Marguerita Mergentime (1894–1941) was an American textile designer best known for printed fabrics, making her mark in the 1930s with table linens in bold colors and innovative patterns created to enliven American households. Mergentime also designed sheets, towels, and tableware. In New York City in the 1930s, Mergentime worked with some of the best-known designers of the day, including Donald Deskey, Russel Wright, and Frederick Kiesler. Her work was featured in The New Yorker, House & Garden, House Beautiful, and Vogue.[1]
Born Marguerita Straus on March 3, 1894, in New York City, she was the daughter of Max and Adelaide (Ottenheim) Straus. Mergentime graduated from the Ethical Culture School. She pursued art studies through classes at Teachers College from 1923 to 1927, as well as with designer Ilonka Karasz and through museum study rooms. In 1914, she married Charles Mergentime, a businessman and investor, and they had two daughters. The sitting room of the Mergentime's New York apartment was designed by Frederick Kiesler.[2] [3]
In the late 1920s and early 1930s Mergentime, unable to find the types of table linens she wanted, set out to fill this niche by becoming a textile designer. She began to educate herself, conducting research in museums and studying the arts with designers such as Ilonka Karasz.[4] In addition to textiles her studies covered diverse areas including bookbinding, music, photography, and painting. Mergentime become a member of the American Union of Decorative Artists and Craftsmen (AUDAC)[5] as early as 1929. Mergentime's AUDAC colleagues included numerous influential designers whose works define 20th-century modernism in America, such as Frank Lloyd Wright, Egmont Arens, Donald Deskey, Norman Bel Geddes, Eliel Saarinen, and Russel Wright. Her textiles were included in the 1931 AUDAC exhibition at the Brooklyn Museum, along with those by Mariska Karasz; the press release for the exhibition states: "Miss Mergentime is a designer of textiles, packaging, wallpaper, and is the designing stylist for the Kleinert Rubber Company."[6] [7] Mergentime was also a member of the Fashion Group.
For Radio City Music Hall, which opened in New York City in 1932, Mergentime was commissioned by Donald Deskey,[8] the chief interior designer of the theater, to create her Lilies in the Air fabric that covers the walls in the Ladies' Lounge and a carpet for the Grand Lounge.[4] Mergentime's fabric and carpet designs can be seen today in Radio City Music Hall,[9] [10] along with textiles by Mergentime's colleague Ruth Reeves.
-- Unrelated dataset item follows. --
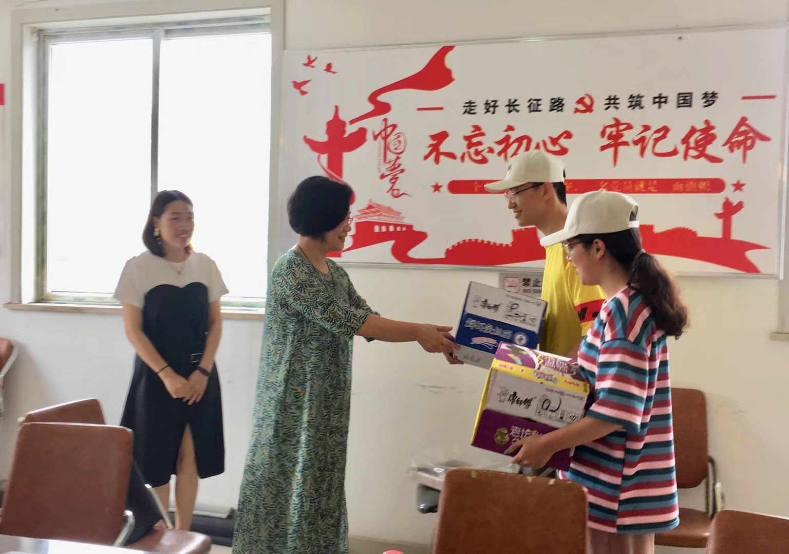 首先,谢院长对实践工作给予了高度评价,对支教队员的表现给予充分肯定。随后,各队员分享了各自的收获与思考。“陪伴老人一天做了1600个饺子,有点辛苦,但是看到老人们开心的笑脸,我们也很欣喜!”“从老人院实践回来,我马上给奶奶打了电话,关心奶奶身体、问候奶奶。”“通过近一周时间的实践和相处,我感受到一个团队的沟通合作非常重要!”……大家畅所欲言,会上谈论氛围热烈。而后,杨书记也对于关爱老人和留守儿童阐述了自己的看法,鼓励与支持大学生走进基层参加实践,并于实践中锻炼成长。最后,谢院长为实践队员送上慰问品并强调了大学生暑期社会实践的重要意义,鼓励大学树立责任意识和奉献精神,利用好自己的学科优势,多思、多问、多想、多看,通过社会实践,长见识增才干。

Press for the opening of the music hall mentions Mergentime's role in the interior designs stating that "among other specially designed fabrics are hangings by Marguerite [''sic''] Mergentime.[11]
Beginning in 1934, Mergentime focused her talent on producing table linens sold at Macy's and Lord & Taylor in New York, as well as at department stores throughout America. Mergentime's personal passions in gardening, American history, folk art, politics, and typography can be seen on her cloths. Numerous articles and advertisements promoted her career, and her work appeared in exhibitions, most notably the Metropolitan Museum of Art's industrial arts shows, in 1934 in Ely Jacques Kahn's section, and in 1940 in Edward Durell Stone's section. Dorothy Liebes, at the time creative director of Goodall Decorative Fabrics, commissioned Mergentime in the late 1930s to create a collection for the firm. In 1939 Mergentime designed a souvenir tablecloth for the New York World's Fair and a hanging for the Golden Gate International Exposition in San Francisco. In 1940, Mergentime worked with Russel Wright on his American Way campaign to promote household objects by the nation's artists that were sold at stores around the country.
Her work resides in museum collections including the Museum of Modern Art, New York; the Cooper Hewitt, Smithsonian Design Museum; the Brooklyn Museum; the Museum at FIT; and the Allentown Art Museum.